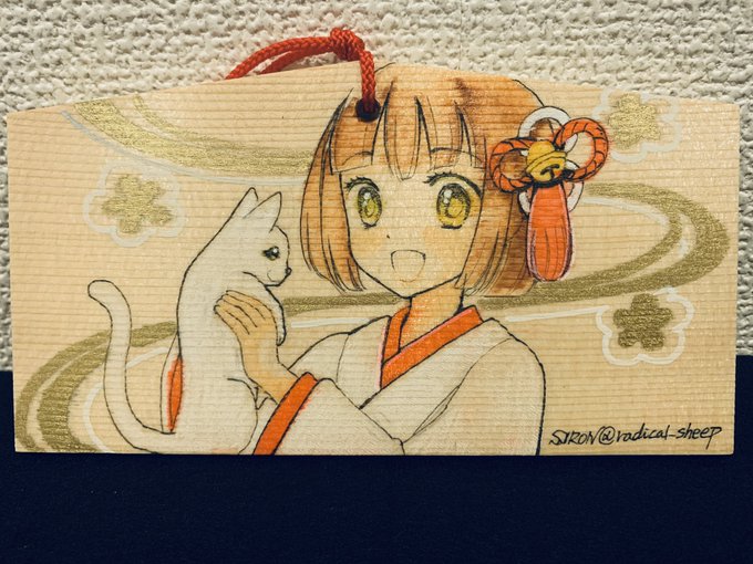 今日は地元の神社⛩に お参りしに行きました。 近年おみくじは末吉ばかりでしたが 今年はなんと『中吉』に…✨ 『運』を付与する木臼で餅つく巫女さんの #絵馬アート を描いたおかげ…?!なんてね😉 🐈⬛🐾 siron.world|#SIRON|🎨 #絵馬 #ART
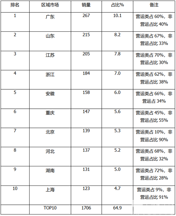 9月大中型座位客车主要流向广东、山东、江苏等区域市场;TOP10 累计占比超6成(64.9%);营运类占比最高的是湖南、江苏;而非营运类(主要指团体通勤类座位客车)占比最高的是上海、北京。
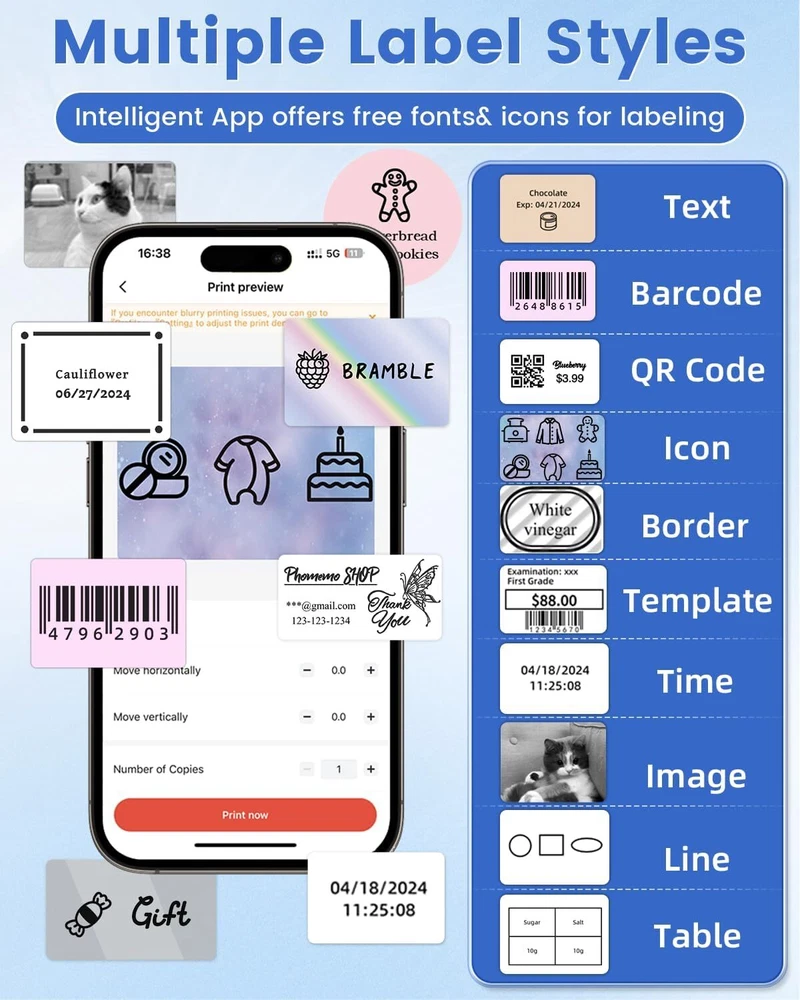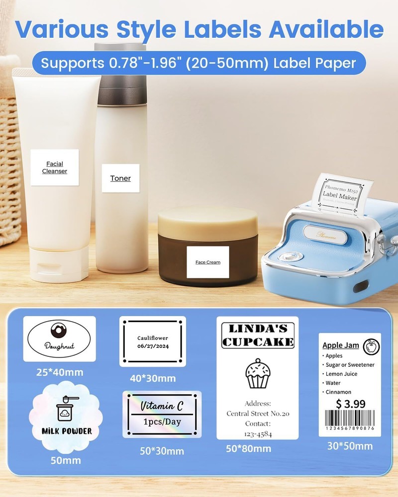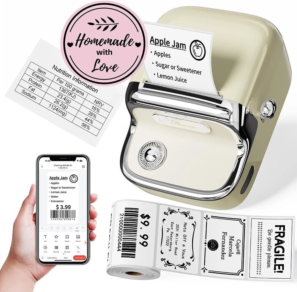 Product Description About this item Phomemo 2025 New Upgraded Label Printer: The combination of sophisticated aesthetics and high-end quality, using electroplating and imitation leather pattern and other exquisite technology, to create the Phomemo M150 mini label maker. The one-piece paper loading structure makes it easy to place labels, saying goodbye to labels loading troubles Large Printing Width: Phomemo M150 Bluetooth sticker printer can print thermal labels with a width of 0.78"-1.96" (20-50mm). Phomemo M150 barcode label printer can use white, color, and transparent labels. You can use the functions of Text, Images, Excel, QR Code, and Barcode in the Print Master App to freely create food labels, ingredient labels, clothing labels, address labels, etc Strong Compatibility: Phomemo M150 wireless address label maker is compatible with smartphones, tablets (iOS and Android systems), and computers (Windows, macOS, Linux). To use it with a smartphone or tablet, download the “Print Master” App from Google Play or App Store, then print by connecting via Bluetooth. For use with a computer, visit the official website to download drivers and the “Labelife” app, then connect and print using a USB data cable Large-Capacity Battery: Phomemo M150 portable barcode printer can print 4200 thermal labels on a single charge, with a printing speed of up to 30-50mm per second. Phomemo M150 label maker also features an NTC temperature sensor to prolong the battery life and ensure printing quality. Additionally, M150 label maker machine has added a feature that automatically rewinds the first label, ensuring that each label is fully utilized and avoiding waste Multi-Functional APP: “Print Master” App offers powerful features such as barcode, QR code generation, text input, image capture, voice recognition, PDF and Excel printing, and batch printing. Additionally, it provides extensive options for label customization with over 100 fonts, 300 templates, and 1000 symbols available for free. Unleash your imagination and creativity to create various labels for food items, handbooks, cosmetics, documents, and more Small Label Maker: Phomemo M150 Label Maker is a 2-inch handheld label printer. The product dimensions are 4.96 x 3.46 x 2.56 inches. M150 label printer cannot print thermal labels wider than 1.96 inches. Previous page Next page

■ TASK ITEM:
Repeat the listing above up to and including the line with "9月大中型座位客车主要流向广", starting from its first line. Drop any pictures.

■ RESULT OF THIS TASK:
 今日は地元の神社⛩に お参りしに行きました。 近年おみくじは末吉ばかりでしたが 今年はなんと『中吉』に…✨ 『運』を付与する木臼で餅つく巫女さんの #絵馬アート を描いたおかげ…?!なんてね😉 🐈⬛🐾 siron.world|#SIRON|🎨 #絵馬 #ART
 9月大中型座位客车主要流向广东、山东、江苏等区域市场;TOP10 累计占比超6成(64.9%);营运类占比最高的是湖南、江苏;而非营运类(主要指团体通勤类座位客车)占比最高的是上海、北京。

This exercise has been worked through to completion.